Running a museum can be considered from a few angles, a triangulation that pits fiscal responsibility against a commitment to the arts and an educational contract with the public. The fiscal health of a growing art institution is, for the most part, contingent on two sources of revenue: visitor dollars, which only accounts for a small percentage of a museum’s revenue, and the larger piece of the pie: private funding. Fiscal success for a museum is tied to visitor numbers insofar as it is a sign to potential donors that the institution is a vital one.
Despite the influence arts institutions have, directly and indirectly, on a city’s economy, they rely very little on public funding. The MoMA’s previous large-scale expansion, costing nearly $900 million dollars, was bankrolled primarily by trustee donations and other charitable giving, the major source of funding for capital projects. The city contributed a mere $65 million. While for-profit companies finance investment activities by issuing equity, museums in New York have to rely on the kindness of very rich strangers. Ideally, these private interests are balanced by a taut institutional vision that strengthens a museum’s roles as cultural authority and public educator. This balancing act doesn’t always make par, depending on how deeply one believes that museums behave like Robin Hoods, taking from the rich and giving to everyone else.

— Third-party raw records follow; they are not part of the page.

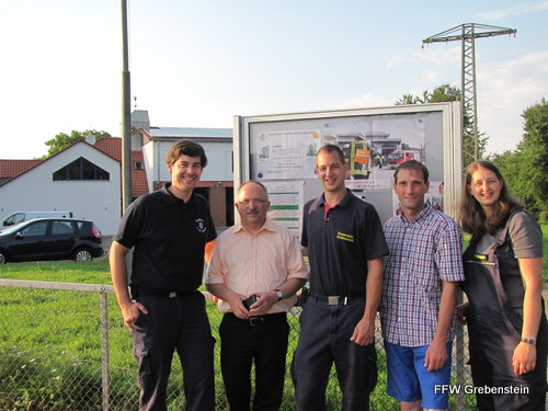 Dirk Lindemann (Wehrführer ), Klaus-Peter Vogt (Stadtsparkasse Grebenstein), Boris Hartmann (stellv. Wehrführer), Henning Schmacke (Vereinsvorsitzender) und Annika Hartmann (Jugendfeuerwehrwartin)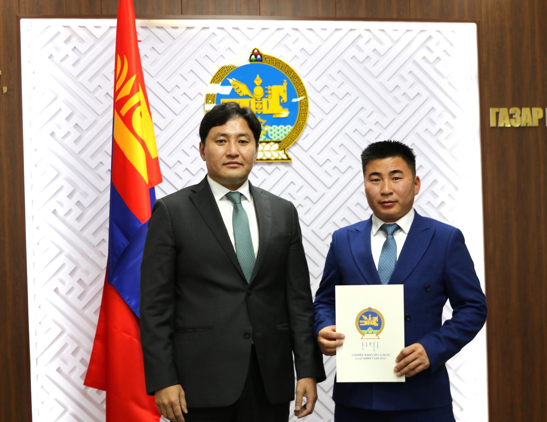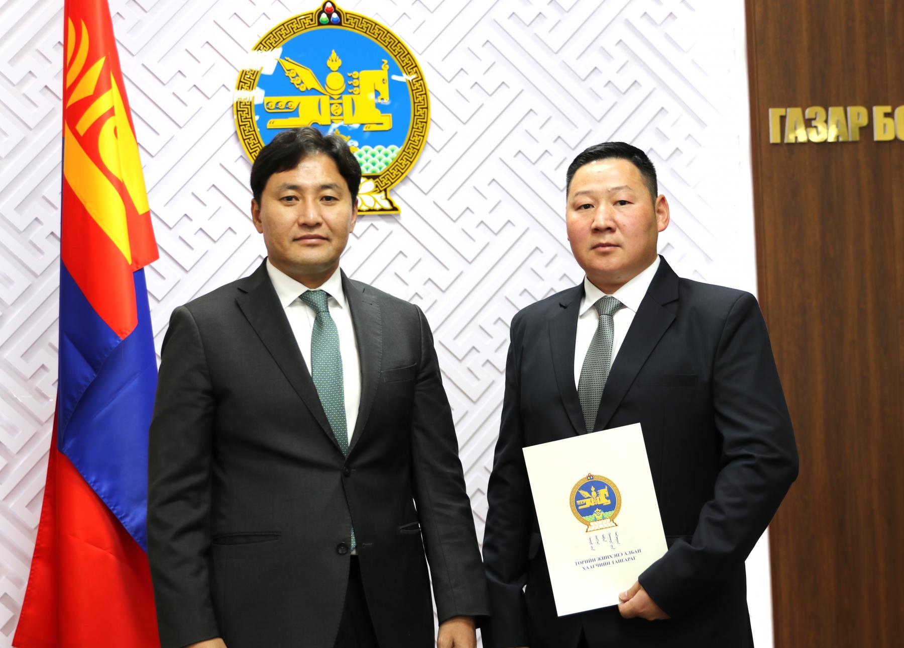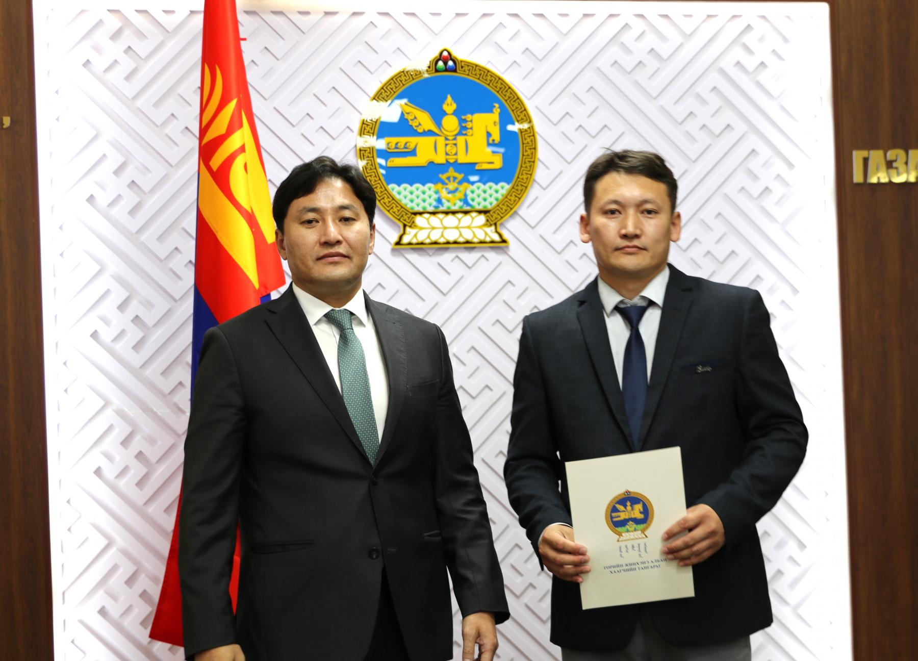 Өнөөдөр Засгийн газрын агентлагийн эрх зүйн байдлын тухай хуулийн 8 дугаар зүйлийн 8.4 дэх хэсэг, Төрийн албаны тухай хуулийн 36 дугаар зүйлийн 36.1 дэх хэсэг, Монгол Улсын Ерөнхийлөгчийн 2024 оны 84 дүгээр зарлигаар батлагдсан “Төрийн жинхэнэ албан хаагчийн тангараг өргөх ёслолын журам”, Төрийн албаны зөвлөлийн 2024 оны 402 дугаар тогтоолоор батлагдсан “Төрийн албан тушаалд туршилтын хугацаа хэрэглэх болзол, журам”-ыг тус тус үндэслэн Газар зохион байгуулалт, геодези, зураг зүйн ерөнхий газар болон Нийслэлийн газар зохион байгуулалтын албаны дараах албан хаагчдыг “Төрийн жинхэнэ албан хаагчийн тангараг” өргүүллээ. Үүнд: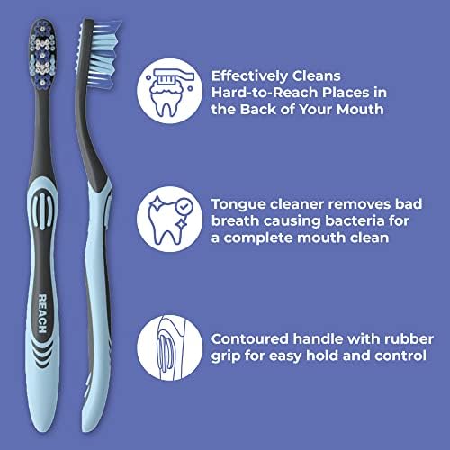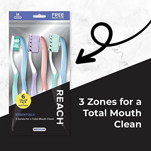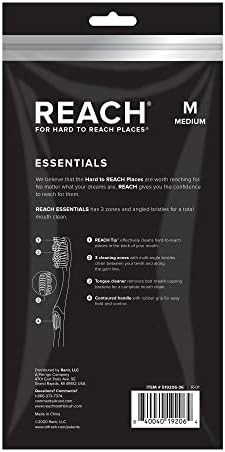 REACH Essentials Toothbrushes effectively clean the hard-to-reach places in the back of your mouth. Each toothbrush has a 3 zones of multi-angled medium bristles, along with an angled neck that helps remove plaque deep between teeth and along the gum line, allowing for a more comprehensive clean. The back of the toothbrush has a tongue scraper to help eliminate bad breath. REACH Essentials Toothbrushes also come with a contoured handle made of soft rubber and plastic for a comfortable cushion grip that’s easy to hold and control. Includes 6 toothbrushes with toothbrush covers to protect the bristles. Great for the entire family, these toothbrushes will consistently help maintain oral hygiene daily. Don't just brush, REACH!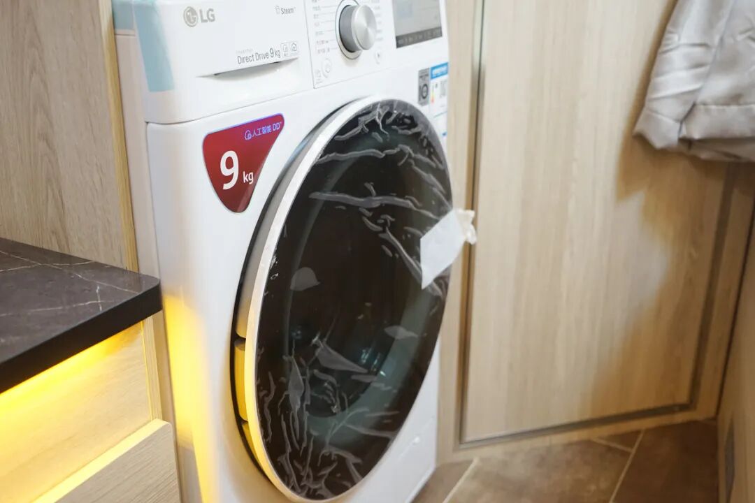 后方的衣柜下方镶嵌了一台家用的滚筒洗衣机,洗衣容量更大更方便使用。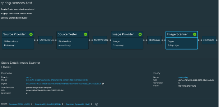 用户现在可以直接从 Tanzu 开发者门户(在Tanzu 开发人员门户供应链中,镜像扫描阶段)下载 CycloneDX 和 SPDX 格式的 SBOM。SBOM 由元数据存储生成,表示最新的 SBOM。此功能可实现更快的漏洞修复。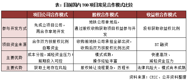 (1)目前房企参与TOD开发较为常见的三种模式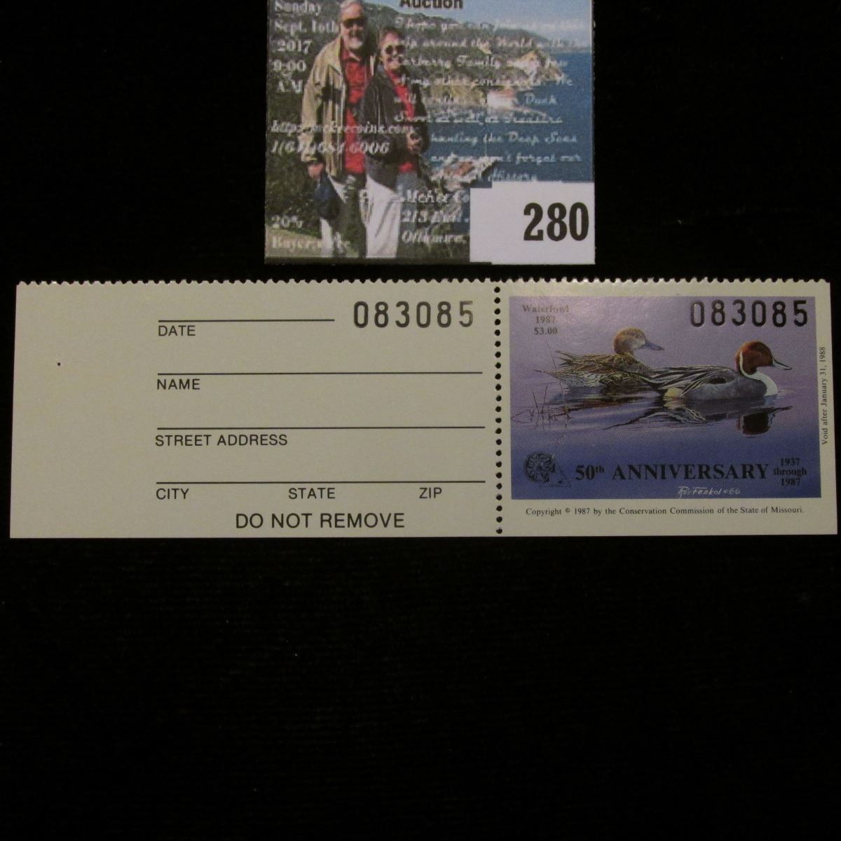 1987 No. 9a Missouri Department of Conservation Waterfowl Stamp, unsigned, NH, Very Fine. Complete w

The public is skeptical that museums like the MoMA are accommodating the interests of trustees, their major funders, and not us.
So, in order to compete for donor dollars, to not fall within the fledgling bottom tier, a director’s job to market a museum to visitors—by creating a brand through advertising campaigns, celebrity-architect helmed rebuilds, satellite locations, and identity appraisals, to name a few, all of which shouldn’t compromise an institutional identity but is cohesive enough to attract visitors–is no longer just an option. The question isn’t: to brand or not to brand; it’s how to brand appropriately.
Glenn Lowry has practically patented the use of branding strategies to promote a museum. Lowry has used a visitor- and donor-friendly brand to solidify the MoMA’s superstar status, a must-go for tourists. Under Lowry’s stewardship, the number of visitors to the MoMA has dramatically increased.
“If you look at how many people go to museums,” Stephan Meier, co-author of The Economics of Museums, told Quartz, “it’s a huge part of peoples’ activities but it’s limited to a handful of them. If you’re in Paris, you go to the Louvre.” Trends would suggest that funds for arts and cultural institutions will become more concentrated. It’s a winner-take-all market and certain institutions win out.”
Art historians, on the other hand, shudder when traditional notions governing the role of an art museum require reappraisal.
“In the field, branding sends shimmers down the spine of many classically trained art historians,” the consultant said, “It’s a sort of museum myopia where there is a feeling that the museum is solely for collecting, preserving and exhibiting the art when actually, museums have many businesses now: an identity business, a community business, and a communication business.”
While the Folk Art Museum has suffocated at the hands of its expansion hopes, unable to pay the bill for its ambition, Lowry continues to build his empire, drawing from a bigger and bigger constituency of donors, whose attraction to the museum’s dominance has contributed to a shift in what it takes for museums to stay relevant. The MoMA is no longer apologizing for its existence; it’s justifying its size and power. Others have taken notice. And no one wants to be left behind.